Youth demand action on environment
This month, young people will once again take to the streets for a climate strike to coincide with United Nations Climate Week in New York.
It’s a reminder that, despite a global pandemic that continues to wreak havoc on our lives, younger generations are continuing to hold the line on demanding climate action, calling for “intersectional climate justice.”
This term refers to the complex layers of the climate emergency, starkly described in the most recent Intergovernmental Panel on Climate Change report, which found that even in the best case scenario, the world will warm by at least 1.5C by 2040. That level of temperature increase threatens even more extreme weather patterns than this year’s already devastating natural disasters.
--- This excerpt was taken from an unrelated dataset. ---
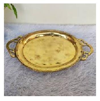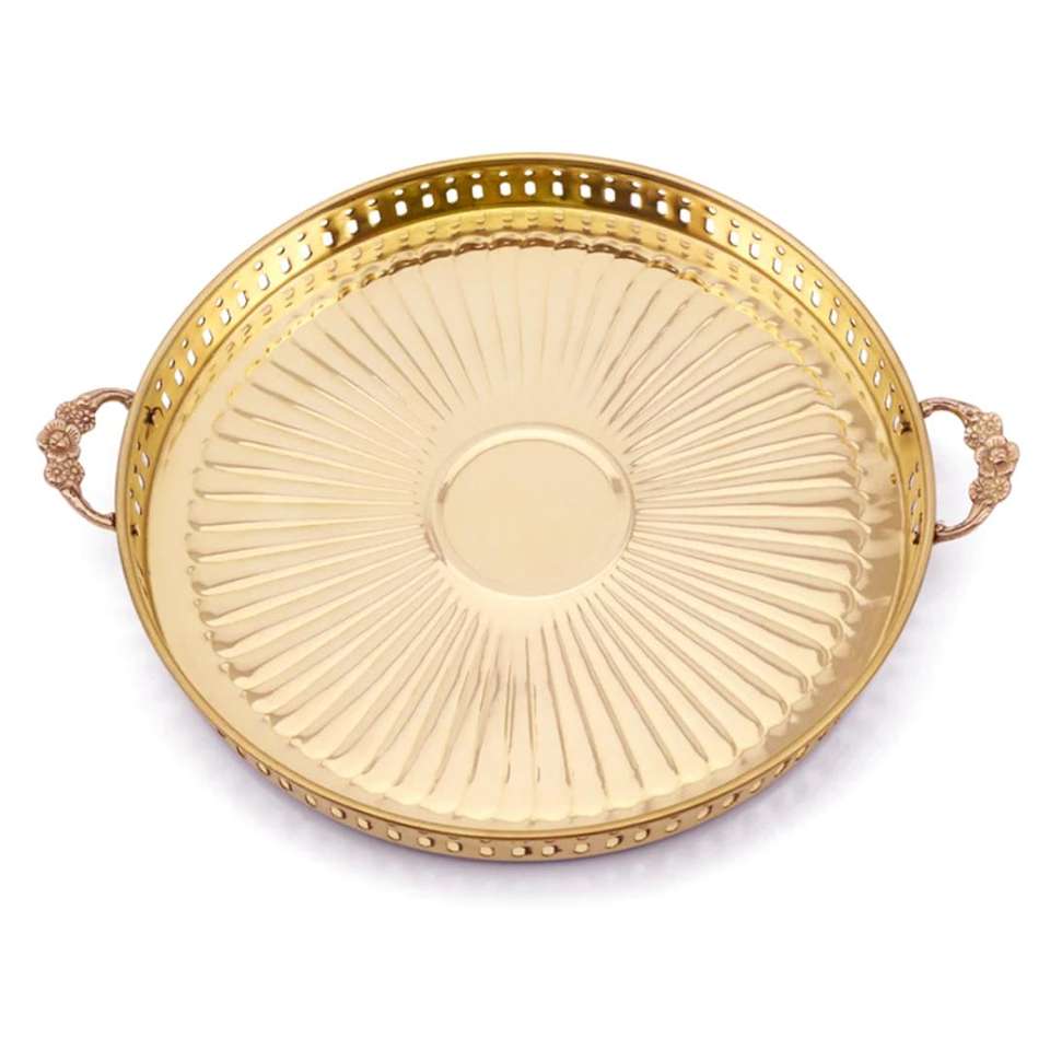 ถาดเสิร์ฟโลหะทองเหลืองพร้อมที่จับอุปกรณ์บนโต๊ะอาหารทรงกลมขนาดพิเศษสำหรับตกแต่งโรงแรมและร้านอาหาร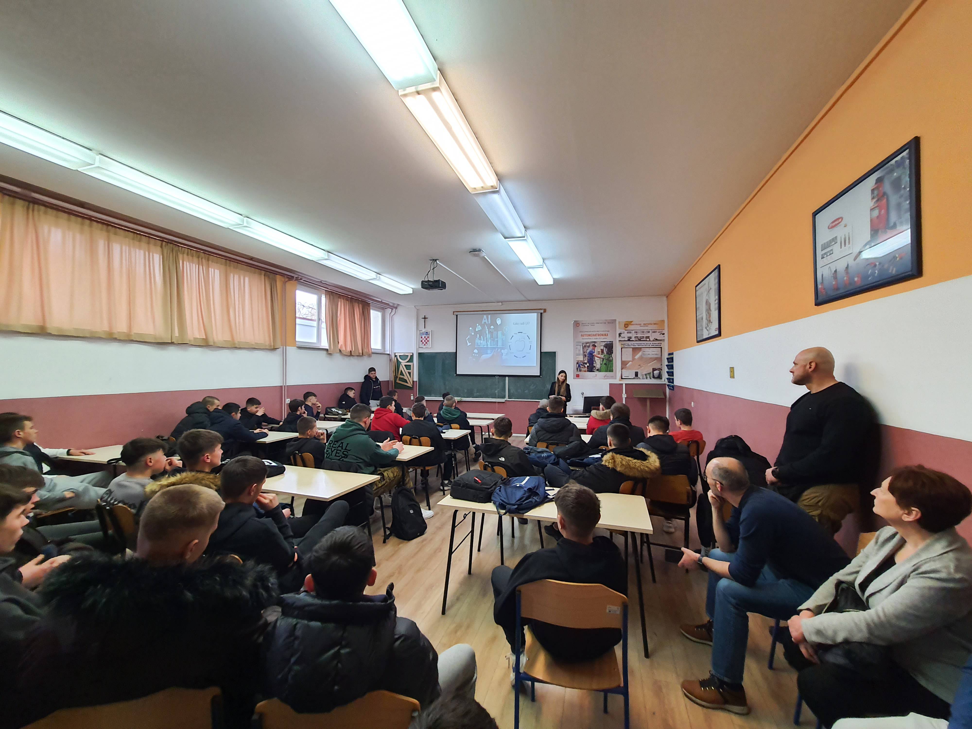 Kroz predavanje učenici 1.c i 1.g razreda zajedno sa svojim nastavnicima imali su priliku čuti što je umjetna inteligencija, kako radi i gdje se primjenjuje.

“The climate crisis does not exist in a vacuum,” reads the Fridays for the Future website, the youth movement founded by teen activist Greta Thunburg. It is mobilizing for the upcoming climate strike. “Other socio-economic crises such as racism, sexism, ableism, class inequality, and more amplify the climate crisis and vice versa.”
The organization continues to make demands on global leaders, including divesting from fossil fuels and highlights the uneven burden that the climate catastrophe places on the Most Affected Peoples and Areas, those who are living in the Global South.
Yet, one doesn’t have to look beyond Canada to find climate injustice. Ingrid Waldron, a sociology professor at Dalhousie University, has been studying the disproportionate presence of heavy industry and waste near Black and Indigenous communities and is the author of the book “There’s Something in the Water.” She has been vocal about the need for governments to track the impacts of pollution on marginalized communities.
“Black Lives Matter and COVID got people talking about systemic inequalities like never before,” Waldron told the Guardian newspaper this year. “It created this environment where people were having discussions more about racism and systemic racism.”
Examples of environmental racism include Sarnia’s Chemical Valley, where Ontario’s environmental commissioner found pollution was particularly affecting the people of the Aamjiwnaang First Nation, and Africville in Halifax, which Vancouver-based Ecojustice notes “became a dumping ground for waste from the industries of the province’s capital.”
Bernice (Byers) Arseneault, a former resident and co-founder of the Africville Genealogy Society, points out in a new CBC video series, “Undisrupted,” that traumatic experiences of displacement are still at risk of being perpetuated. “That’s not ancient history that we read about when we went to school, that’s early Canadian history in the ’60s; they did that to us.”
Even today, a group of seven young Ontarians are suing the provincial government for weakening climate laws and jeopardizing charter rights.
Governments aren’t the only ones being called out. In the past year alone, businesses have turned en masse to reporting on non-financial factors of their operations, known as ESGs (environmental, social and governance).
“Businesspeople know that millennials are now asking questions before they invest or work for a company,” explained Majid Mirza, CEO and cofounder of ESG-Tree, a Waterloo-based company that specializes in providing ESG cloud-tracking software for private equity and venture capital firms.
“They are asking: what are your sustainability practices? What are your diversity policies? These young people will be inheriting $24 trillion in wealth over the coming 10 years in the U.S. alone and their investment questions matter.”
Sustainable investing means that pursuing profits at all costs is no longer the main consideration for shareholders. The evidence of this trend abounds: for the first time, Export Development Canada reported in its 2020 annual report on the global business it turned down because of ESG risks.
Whether in the boardroom, courtroom or bureaucracy, young people are shaping a more equitable climate agenda. It’s one that’s long overdue.